Background: Jatropha multifida is used in Togolease folk medicine for the healing of chronic wounds. Objective: This study aims to investigate antibacterial, anti-inflammatory and antioxidant activities of the leaves ethanolic extract. Materials and Methods: The antimicrobial activity was assayed by National Committee for Clinical Laboratory Standards broth microdilution method on strains of Staphylococcus aureus and Pseudomoas aeruginosa isolated from wounds, whereas the anti-inflammatory activity was performed by carrageenan and histamine induced paw edema method in rat modele.
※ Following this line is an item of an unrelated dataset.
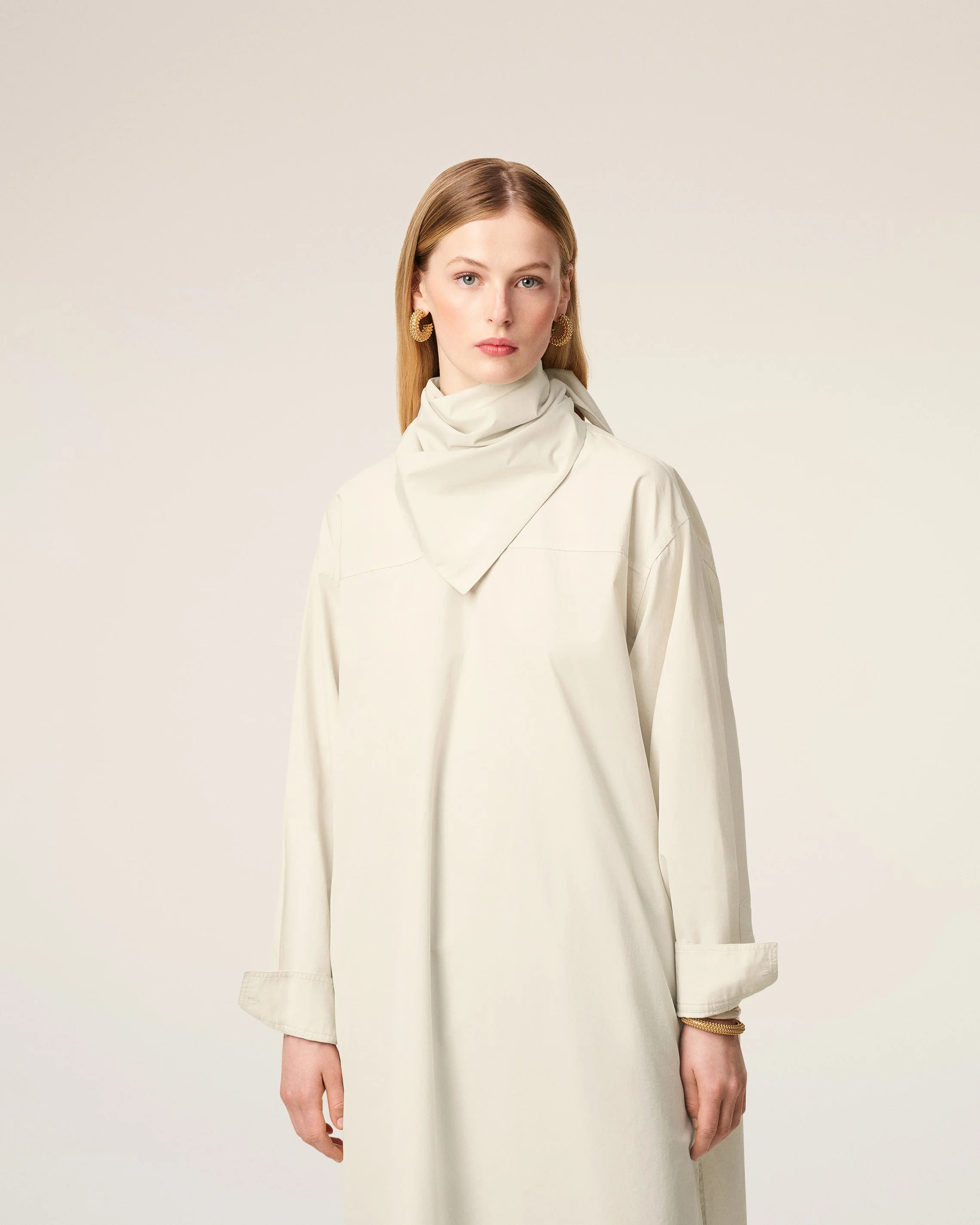 Midi dress in cotton poplin with sewn on bandana collar. Unisexe product Oversized fit Bandana collar Buttoned cuffs Mother of pearl buttons Horizontal silver plated Ami De Coeur under back gusset 118.5cm mid back length (size XS) Made in Bulgaria (with love) REF: UDR629.CO0063.185 SIZE & FIT This style is unisex and it's design to be worn oversize. Take your normal size. Man model is 185 cm / 6"1 and is wearing a size M. Woman model is 177 cm / 5"9 and is wearing a size XS. COMPOSITION & CARE GUIDE Main Material : 100% Cotton Chlorine prohibited Do not tumble dry Cool iron Machine wash at 30°c gentle Dry clean gentle

The 2, 2-diphenyl-1picrylhydrazyl (DPPH) free radical scavenging and ferric reducing antioxidant power (FRAP) were used for the antioxidant activity. Results: The antibacterial assay showed an in vitro growth inhibition of P. aeruginosa and S. aureus in dose-dependent manner, with minimum inhibitory concentration values ranging from 2.5 to 3.12 mg/mL for S. aureus and from 6.25 to 12.5 mg/mL for P. aeruginosa. The maximum paw anti-inflammatory effect occurred after 3 and 5 h administration of histamine and carrageenan, respectively. The DPPH radical scavenging and the FRAP assays yielded weak antioxidant activity. Conclusion: J. multifida possesses antibacterial and anti-inflammatory activities that could justify the use of the plant for the treatment of wounds in the folk medicine.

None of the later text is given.